IMB-IO Non-blocking Benchmarks#
Intel(R) MPI Benchmarks implements blocking and nonblocking modes of the
IMB-IO benchmarks as different benchmark flavors. The Read and
Write components of the blocking benchmark name are replaced for
nonblocking flavors by IRead and IWrite, respectively.
The definitions of blocking and nonblocking flavors are identical, except for their behavior in regard to:
Aggregation. The nonblocking versions only run in the non-aggregate mode.
Synchronism. Only the meaning of an elementary transfer differs from the equivalent blocking benchmark.
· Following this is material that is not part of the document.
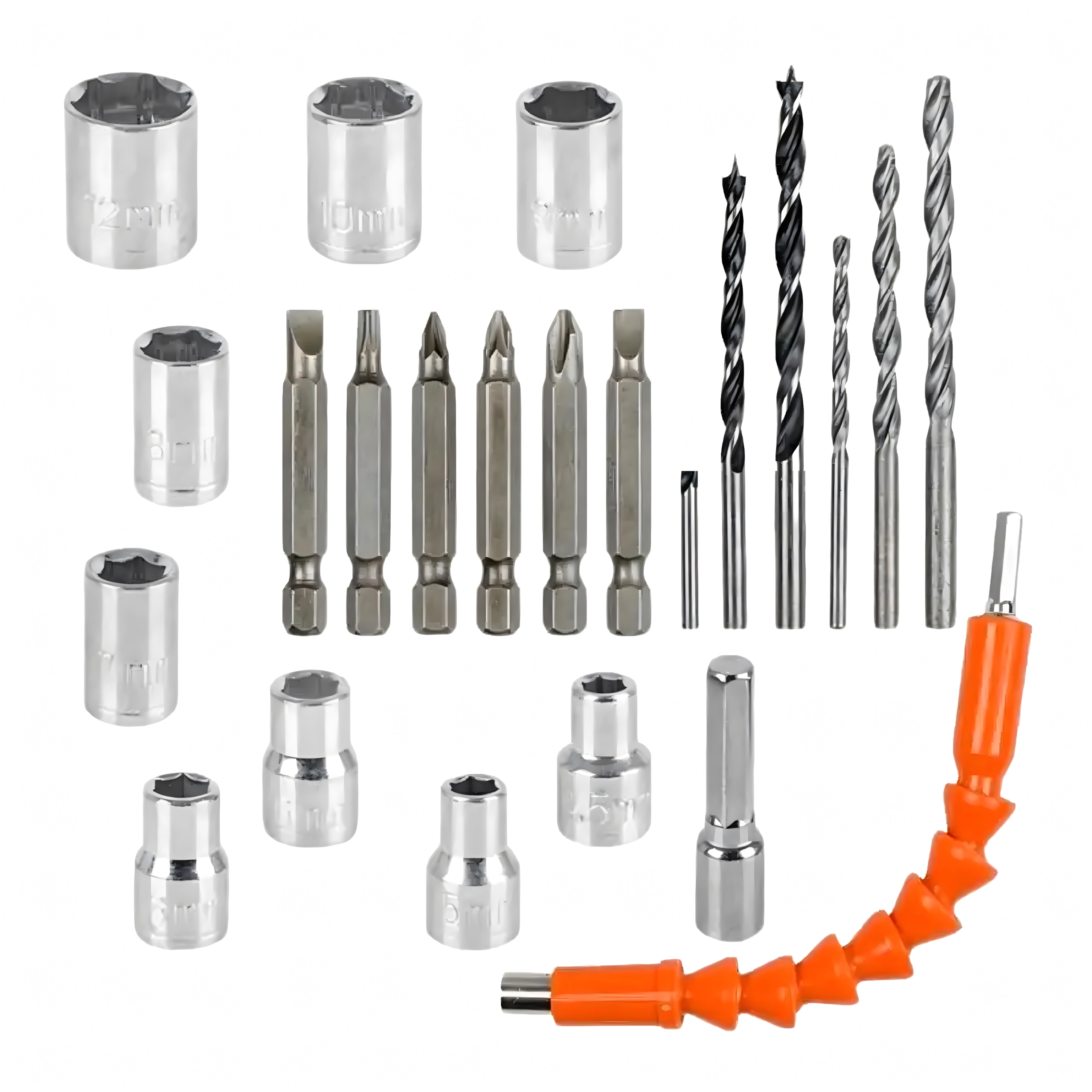Vastupidav kohver hoiab kõik selgelt omal kohal. Otsakute, puuride ja painduva pikenduse komplekt teeb töö lihtsamaks ka raskesti ligipääsetavates kohtades.

Basically, an elementary transfer looks as follows:
time = MPI_Wtime()
for ( i=0; i<n_sample; i++ )
{
Initiate transfer
Exploit CPU
Wait for the end of transfer
}
time = (MPI_Wtime()-time)/n_sample
The Exploit CPU section in the above example is arbitrary. Intel(R)
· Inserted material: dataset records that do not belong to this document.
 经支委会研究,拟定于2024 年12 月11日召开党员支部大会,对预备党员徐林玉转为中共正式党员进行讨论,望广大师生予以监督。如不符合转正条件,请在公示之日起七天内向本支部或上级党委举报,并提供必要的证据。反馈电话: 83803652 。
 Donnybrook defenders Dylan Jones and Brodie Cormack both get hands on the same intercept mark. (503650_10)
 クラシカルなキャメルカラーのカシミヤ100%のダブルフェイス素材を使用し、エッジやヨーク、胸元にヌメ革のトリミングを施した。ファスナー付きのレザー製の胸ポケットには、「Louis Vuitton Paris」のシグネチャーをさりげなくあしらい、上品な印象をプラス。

MPI Benchmarks exploits CPU as described below.
Exploiting CPU#
Intel(R) MPI Benchmarks uses the following method to exploit the CPU. A kernel loop is executed repeatedly. The kernel is a fully vectorizable multiplication of a 100x100 matrix with a vector. The function is scalable in the following way:
IMB_cpu_exploit(float desired_time, int initialize);
The input value of desired_time determines the time for the function
to execute the kernel loop, with a slight variance. At the very
beginning, the function is called with initialize=1 and an input
value for desired_time. This determines an Mflop/s rate and a timing
t_CPU, as close as possible to desired_time, obtained by running
without any obstruction. During the actual benchmarking,
IMB_cpu_exploit is called with initialize=0, concurrently with
the particular I/O action, and always performs the same type and number
of operations as in the initialization step.
Displaying Results#
Three timings are crucial to interpret the behavior of nonblocking I/O, overlapped with CPU exploitation:
t_pureis the time for the corresponding pure blocking I/O action, non-overlapping with CPU activityt_CPUis the time theIMB_cpu_exploitperiods (running concurrently with nonblocking I/O) would use when running dedicatedt_ovrlis the time for the analogous nonblocking I/O action, concurrent with CPU activity (exploitingt_CPUwhen running dedicated)
A perfect overlap means: t_ovrl = max(t_pure,t_CPU)
No overlap means: t_ovrl = t_pure+t_CPU.
The actual amount of overlap is:
overlap=(t_pure+t_CPU-t_ovrl)/min(t_pure,t_CPU)(*)
The Intel(R) MPI Benchmarks result tables report the timings
t_ovrl, t_pure, t_CPU and the estimated overlap obtained by the (*)
formula above. At the beginning of a run, the Mflop/s rate is
corresponding to the t_CPU displayed.